= Rosalys Hall =

American children's author (1914–2006)

Rosalys Haskell Hall (March 27, 1914 – April 17, 2006) was an American author of children's books.

Hall was seven times descended from Roger Williams and the great-grand niece of Maud Howe Elliott. She attended Ecole Sevigne, in Paris, France, New Jersey College for Women, and Ethical Culture Norman Training School.

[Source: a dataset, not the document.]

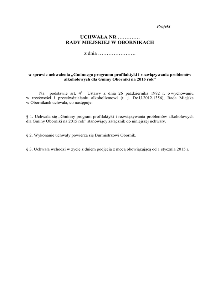 Projekt UCHWAŁA NR …………. RADY MIEJSKIEJ W OBORNIKACH z dnia …………………. w sprawie uchwalenia „Gminnego programu profilaktyki i rozwiązywania problemów alkoholowych dla Gminy Oborniki na 2015 rok” Na podstawie art. 41 Ustawy z dnia 26 października 1982 r. o wychowaniu w trzeźwości i przeciwdziałaniu alkoholizmowi (t. j. Dz.U.2012.1356), Rada Miejska w Obornikach uchwala, co następuje: § 1. Uchwala się „Gminny program profilaktyki i rozwiązywania problemów alkoholowych dla Gminy Oborniki na 2015 rok” stanowiący załącznik do niniejszej uchwały. § 2. Wykonanie uchwały powierza się Burmistrzowi Obornik. § 3. Uchwała wchodzi w życie z dniem podjęcia z mocą obowiązującą od 1 stycznia 2015 r. Uzasadnienie Zgodnie z art. 4 1 Ustawy o wychowaniu w trzeźwości i przeciwdziałaniu alkoholizmowi, prowadzenie działań związanych z profilaktyką i rozwiązywaniem problemów alkoholowych oraz integracja społeczna osób uzależnionych należy do zadań własnych gminy. „Gminny program profilaktyki i rozwiązywania problemów alkoholowych” uchwalany corocznie przez Radę Miejską na podstawie art. 41 ustawy o wychowaniu w trzeźwości i przeciwdziałaniu alkoholizmowi jest aktem prawnym, na podstawie którego prowadzona jest realizacja wskazanych działań. W związku z powyższym, podjęcie uchwały w sprawie uchwalenia „Gminnego programu profilaktyki i rozwiązywania problemów alkoholowych dla Gminy Oborniki na 2015 rok” jest w pełni uzasadnione. Gminny program profilaktyki i rozwiązywania problemów alkoholowych dla Gminy Oborniki na 2015 rok Treść programu: I. Wstęp II. Podstawowe cele i strategie oraz kierunki działania III.Zasady wynagradzania członków Gminnej Komisji Rozwiązywania Problemów Alkoholowych IV. Finanse I. Wstęp Gminny Program Profilaktyki i Rozwiązywania Problemów Alkoholowych dla Gminy Oborniki na 2015 rok jest kontynuacją działań realizowanych w tym zakresie od kilku lat na terenie Gminy. Zaplanowane działania są corocznie poddawane ocenie i udoskonalane, po to, by realizacja jego celów przynosiła wymierne korzyści dla poszczególnych grup mieszkańców naszej Gminy. Podstawą tworzenia Gminnego programu profilaktyki i rozwiązywania problemów alkoholowych jest: 1. 2. 3. 4. 5. Ustawa z dnia 26 października 1982 r. o wychowaniu w trzeźwości i przeciwdziałaniu alkoholizmowi (t. j. Dz. U. 2012.1356.) Ustawa z dnia z dnia 9 czerwca 2011 r. o wspieraniu rodziny i systemie pieczy zastępczej (t. j. Dz. U. 2013 135 ze zm.) Ustawa z dnia 12 marca 2004r. o pomocy społecznej (t. j. Dz. U. 2015.163 ze zm.) Ustawa z dnia 29 lipca 2005 r o przeciwdziałaniu przemocy w rodzinie (Dz. U. 2005.180.1493 ze zm.) Ustawa z dnia 24 kwietnia 2003 r. o działalności pożytku publicznego i o wolontariacie (t. j. Dz. U. 2014.1118 ze zm.). Gminny program profilaktyki i rozwiązywania problemów alkoholowych nie jest szczegółowym wykazem poszczególnych zadań realizowanych przez Gminę, ale określa jego politykę w stosunku do zadań nałożonych przez ustawę. Z uwagi na fakt, iż rozwiązywanie problemów społecznych wymaga współdziałania szeregu instytucji, np. administracji, służby zdrowia, oświaty, policji, pomocy społecznej, kościoła oraz organizacji pozarządowych koniecznym jest koordynacja wszystkich służb, instytucji działających na rzecz trzeźwości, przeciwdziałaniu przemocy związanej z alkoholem oraz niwelowanie skutków alkoholizmu. II. Podstawowe cele i strategie oraz kierunki działania Program przygotowany na 2015 r. jest zgodny z ustawą, jak również z założeniami rekomendacji do realizowania i finansowania gminnych programów oraz programów zalecanych przez Państwową Agencję Rozwiązywania Problemów Alkoholowych. Celami strategicznymi Gminnego Programu Profilaktyki i Rozwiązywania Problemów Alkoholowych dla Gminy Oborniki w 2015 roku są: 1. Zwiększenie dostępności pomocy terapeutycznej i rehabilitacyjnej dla osób uzależnionych od alkoholu Działalność Ośrodka Profilaktyki i Rozwiązywania Problemów Alkoholowych w Obornikach przy ul. Piłsudskiego 76 jako „miejsca pierwszego kontaktu" poprzez: 1) udzielanie pomocy i informacji osobom uzależnionym i członkom ich rodzin, 2) motywowanie osób uzależnionych i współuzależnionych do podjęcia terapii, 3) opracowanie diagnozy problemów uzależnień i przemocy na terenie gminy Oborniki, 4) opracowanie ulotki o formach pomocy dla rodzin z problemami uzależnień i przekazywanie ich podczas spotkań komisji motywacyjnych, 5) rozpoznawanie zjawiska przemocy domowej, 6) udzielanie stosownego wsparcia i informacji o możliwościach uzyskania pomocy i powstrzymania przemocy, 7) współpraca ośrodka z grupami AA, AL ANON Wymienione wyżej zadania mają charakter ciągły, realizowane przez: - pracownika Ośrodka Profilaktyki i Rozwiązywania Problemów Alkoholowych w Obornikach, - Gminną Komisję Rozwiązywania Problemów Alkoholowych w Obornikach, - terapeutę uzależnień zatrudnionego w Ośrodku. 8) zabezpieczenie środków na wynagrodzenie dla osoby tam zatrudnionej i członków GKRPA, 9) zatrudnienie wykwalifikowanego terapeuty uzależnień, pracującego w zakładzie lecznictwa odwykowego, 10) pomoc osobom uzależnionym po przebytym podstawowym programie terapii, 11) zakup literatury związanej z problemami alkoholowymi i rozpropagowanie ich na spotkaniach motywacyjnych GKRPA oraz w szkołach, 12) pokrywanie częściowo kosztów utrzymania ośrodka. 2. Udzielanie rodzinom, w których występują problemy alkoholowe, pomocy psychospołecznej i prawnej, a w szczególności ochrony przed przemocą poprzez: 1) przyjmowanie zgłoszeń o przypadkach nadużywania alkoholu, 2) prowadzenie poradnictwa dla osób uzależnionych jak również rodzin tych osób, 3) zapraszanie na rozmowę interwencyjno - motywacyjną osób, co do których wpłynęło zgłoszenie oraz rozpoznawanie w trakcie rozmowy zjawiska przemocy w ro

Hall was a seller of children's books in New York at Doubleday Bookshop, from 1938-1944; and at Longman's, Green & Co. (now merged with David McKay Co., Inc., under McKay name) she worked as editor in Children's Book Department beginning in 1944. She was the fourth generation to write books beginning with Julia Ward Howe, author of "The Battle Hymn of the Republic". She was the published author of seventeen children's books. Several of her books were illustrated by Kurt Werth.

== Books ==

- No Ducks For Dinner; story by Rosalys Hall; Pictures by Kurt Werth. 1953. Oxford Univ. Press.
- The three beggar kings. by Rosalys Haskell Hall; Kurt Werth. Publisher: New York, Random House [1974]
- A bone for Jonesy by Rosalys Haskell Hall; Publisher: Newport, R.I. : Privately printed, 2004.
- The bright and shining breadboard, by Rosalys Haskell Hall; Kurt Werth. Publisher: New York, Lothrop, Lee & Shepard [1969]
- Miranda's dragon, by Rosalys Haskell Hall; Kurt Werth. Publisher: New York, McGraw-Hill [1968]
- Saint Nicholas by Rosalys Haskell Hall; Ilse Buchert Nesbitt; Publisher: Newport, R.I. : printed at the Third & Elm Press, 1980.
- Animal hide and seek, by Julia Ward Howe Hall; Rosalys Haskell Hall; Publisher: New York, Lothrop, Lee & Shepard, 1958.
- Seven for Saint Nicholas. by Rosalys Haskell Hall; Publisher: Philadelphia, Lippincott [1958]
- The merry miller by Rosalys Haskell Hall; Publisher: New York Oxford University Press 1952.
- Young fancy. by Rosalys Haskell Hall; Publisher: New York, Longmans, Green, 1960.